Gerald Herná[email protected]
Once ponches en 7.1 entradas y 14 retirados en fila entre el segundo y el séptimo episodio.
Esas cifras no corresponden a Vicente Padilla como usted podría suponer, sino a Devorn Hansack, quien nuevamente estuvo más afilado que el big leaguer, en otro duelazo en el cual ninguno tuvo decisión, mientras los Tigres se imponían 3-1 a los Leones en 10 entradas.
Walter Sevilla fue el héroe al conectar doble que empujó a Milton Rentaría para romper el empate 1-1 en el décimo.
Próspero González asestó la estocada final con una rola que llevó al plato a Dwaine Bacon para frustración de la clientela leonesa que llenó su parque.
Julio Raudez (4-0) es el primer ganador de cuatro juegos de la liga, con un gran relevo de cuatro ceros y un hit. Falló Arián Cruz (0-3), que perdió la zona de strike en el décimo, para darle paso a Gilberto Méndez, saludado con el hit de Sevilla.
Hansack y Padilla cumplieron las expectativas, aunque el big leaguer no estuvo a todo su potencial. Ambos bajaron de la colina después de un idéntico esfuerzo de 103 envíos, sólo que el costeño recorrió 7.1 entradas para 4 hits —un doble—, una carrera, 3 bases —en los últimos dos innings— y 10 ponches.

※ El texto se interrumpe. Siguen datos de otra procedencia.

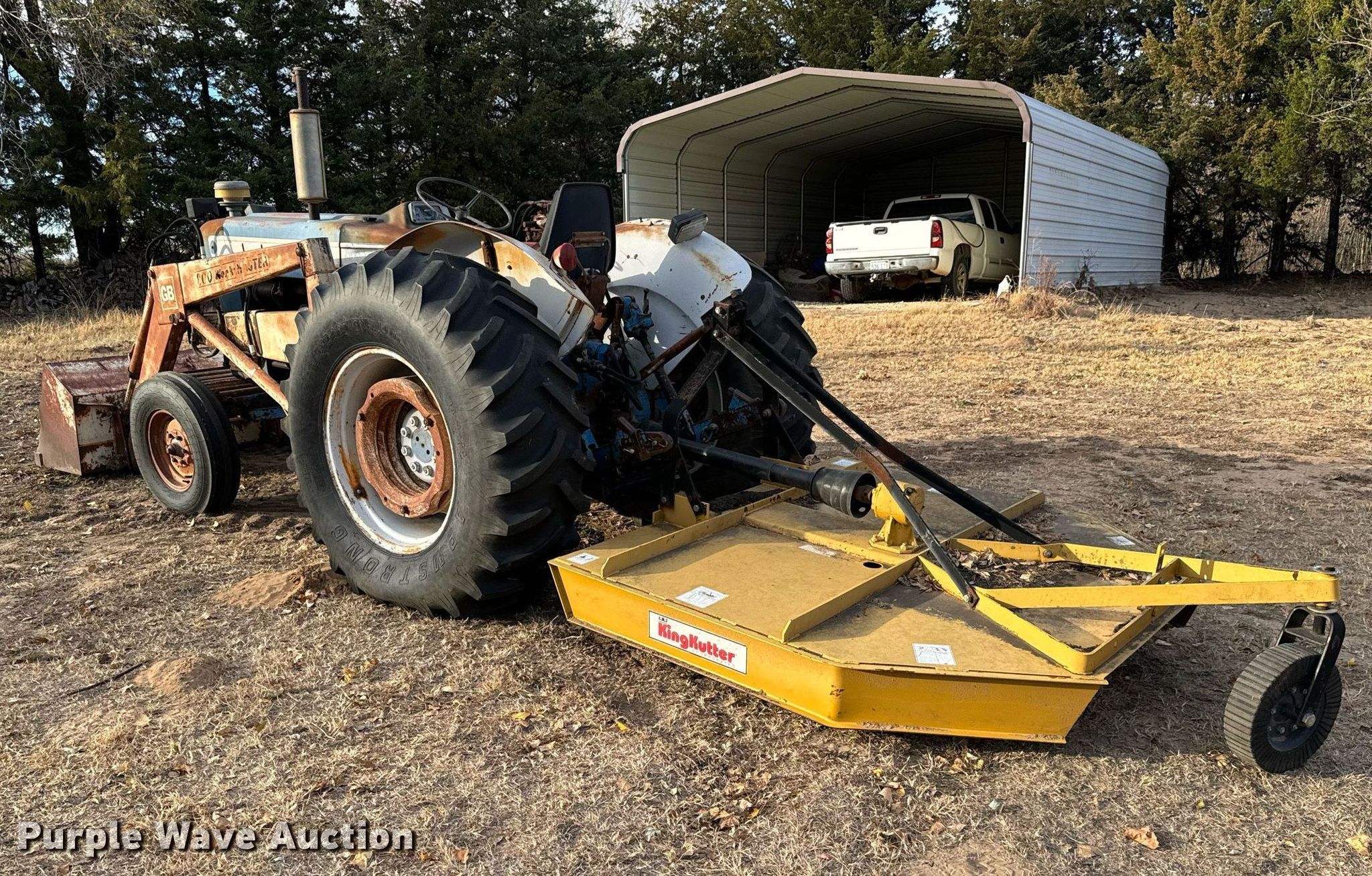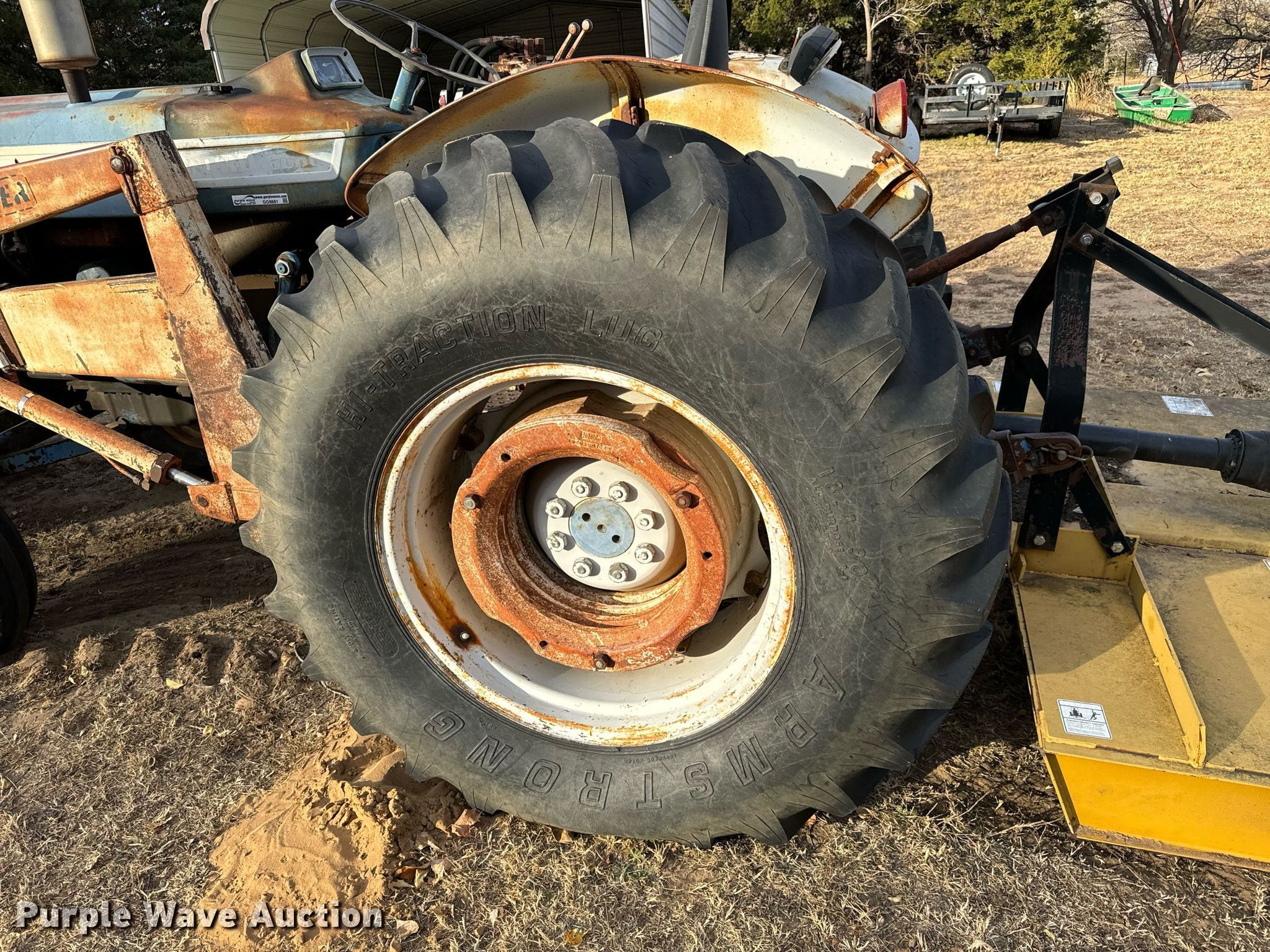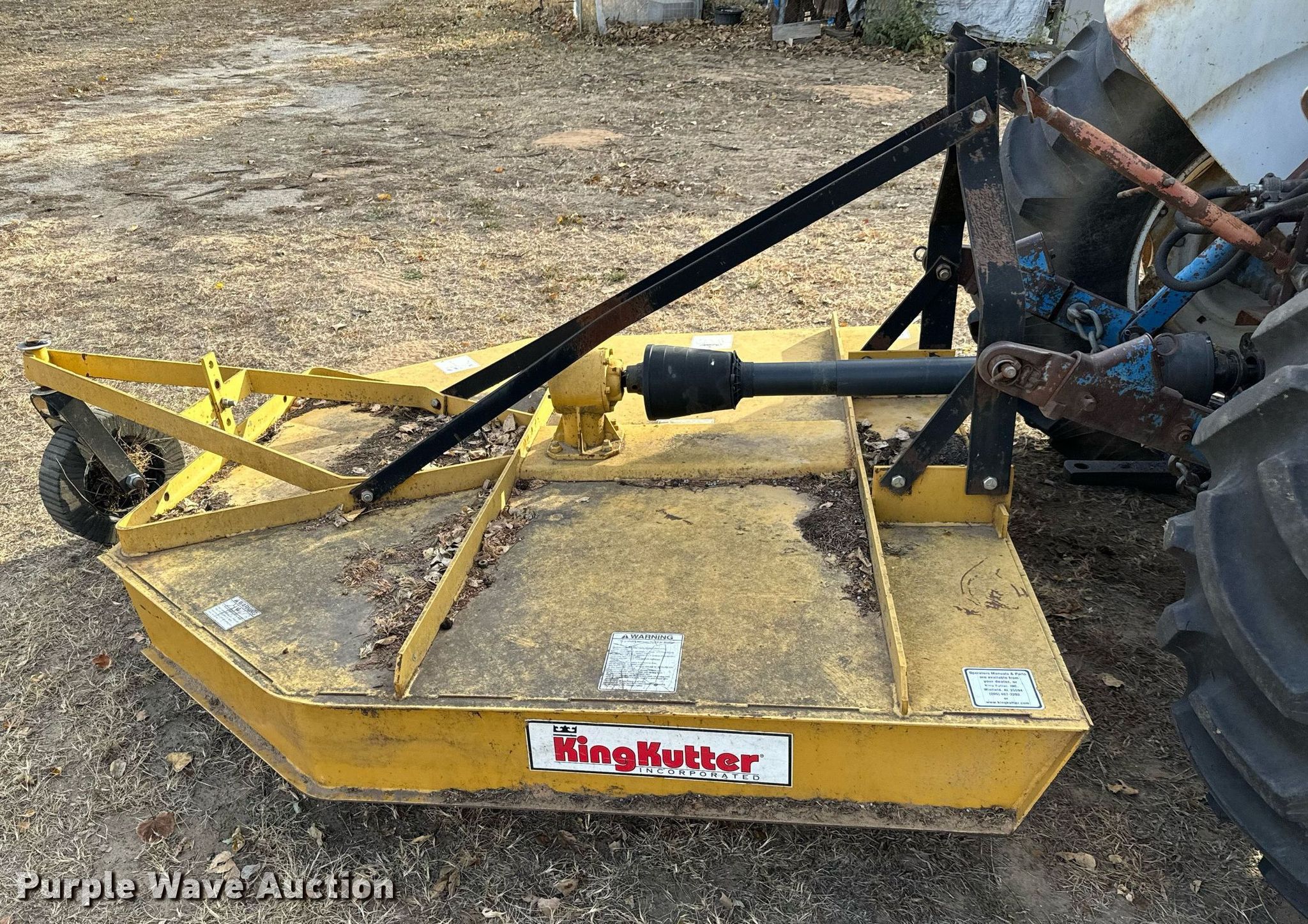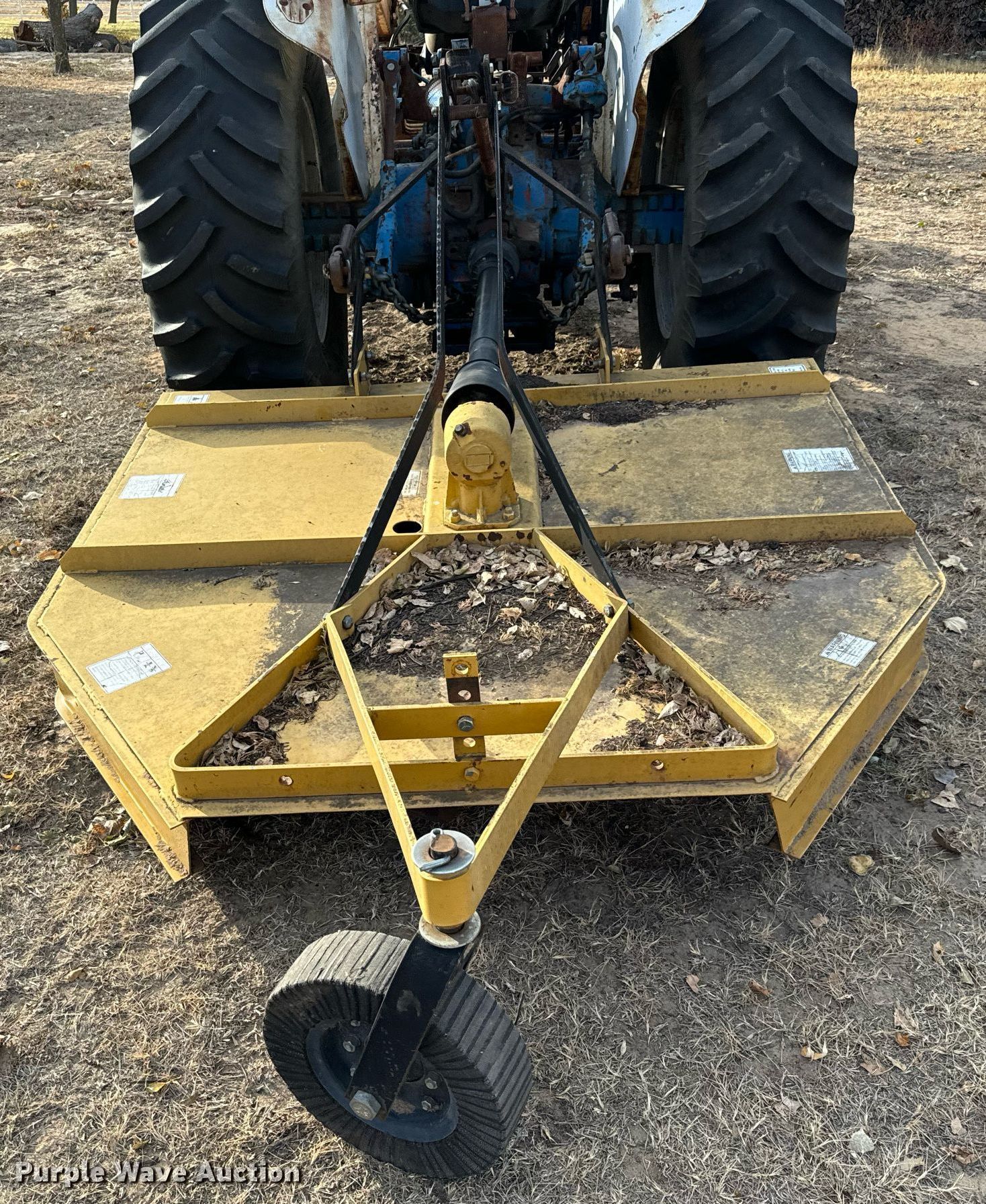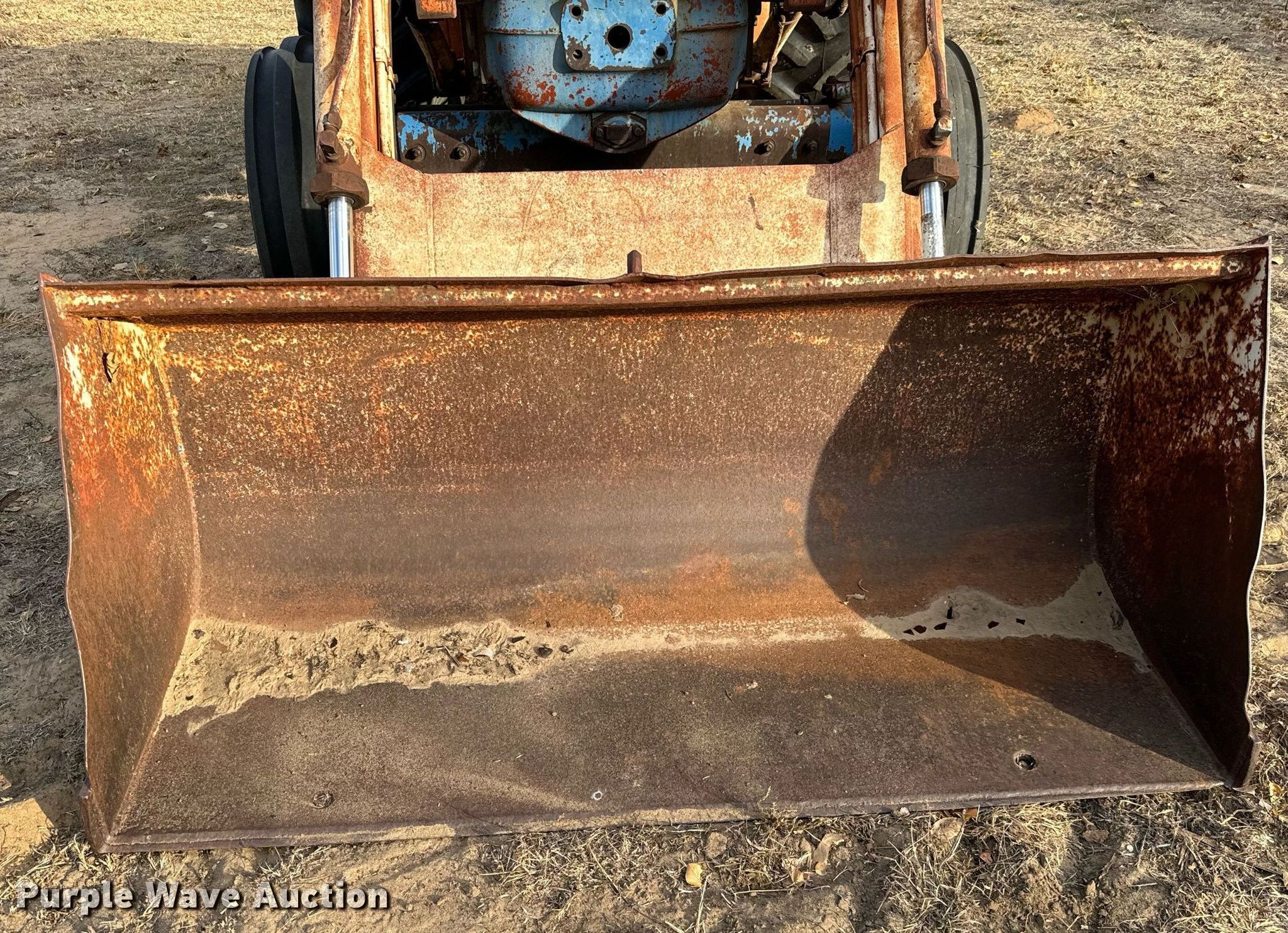 Ford 5000 tractor. Hours: 386 on meter, Serial: 7016. Engine Ford, Displacement: 3.8L, Cylinders: 4, Fuel type: Diesel. Transmission Manual, 8F - 2R. Features PTO: 540, Three point Top link, Hydraulic remote sets Rear: 1, Loader GB 800 Work-Master , Controls: Two-lever, Bucket Width: 60", Rotary mower King Kutter L-72-40-PYK, Width: 6', PTO: 540, TIres: Solid. Tires Front: 7.50-16, Rear: 18.4-30, Wheel weights: 8. Notes Unknown operating condition of hour meter. 7900 N Plum. Hutchinson, KS 67502

La carrera contra Hansack fue en el segundo, por medio de un doblete de Larry Galeano. El costeño retiró en orden las siguientes cuatro entradas y hasta en el séptimo volvió a permitir un infield hit de Próspero.
Padilla lanzó 6 episodios y en todos ellos, menos en el tercero, se metió en problemas, con 5 hits, una carrera, cuatro bases, un golpe y seis ponches.
En el cuarto, los melenudos pusieron fin a la hilera de 21 scones del chinandegano, con un corrido de bases agresivo de Justo Rivas, quien se desplazó de primera a la tercera base con un sencillo de Esteban Ramírez, quedando listo para anotar con un largo fly de Ronald Garth al jardín derecho.
RELAMPAGUEANTE
Devorn Hansack ha ponchado a 31 bateadores chinandeganos en 19 innings y lleva 52 en 37.2 entradas en la liga.
Vicente Padilla estuvo por debajo de los bateadores y al permitir una carrera, su efectividad pasó de 0.00 a 0.38 en 24 innings.
Cada equipo ligó seis hits. Esteban Ramírez le conectó dos a Padilla y Próspero González dos a Hansack.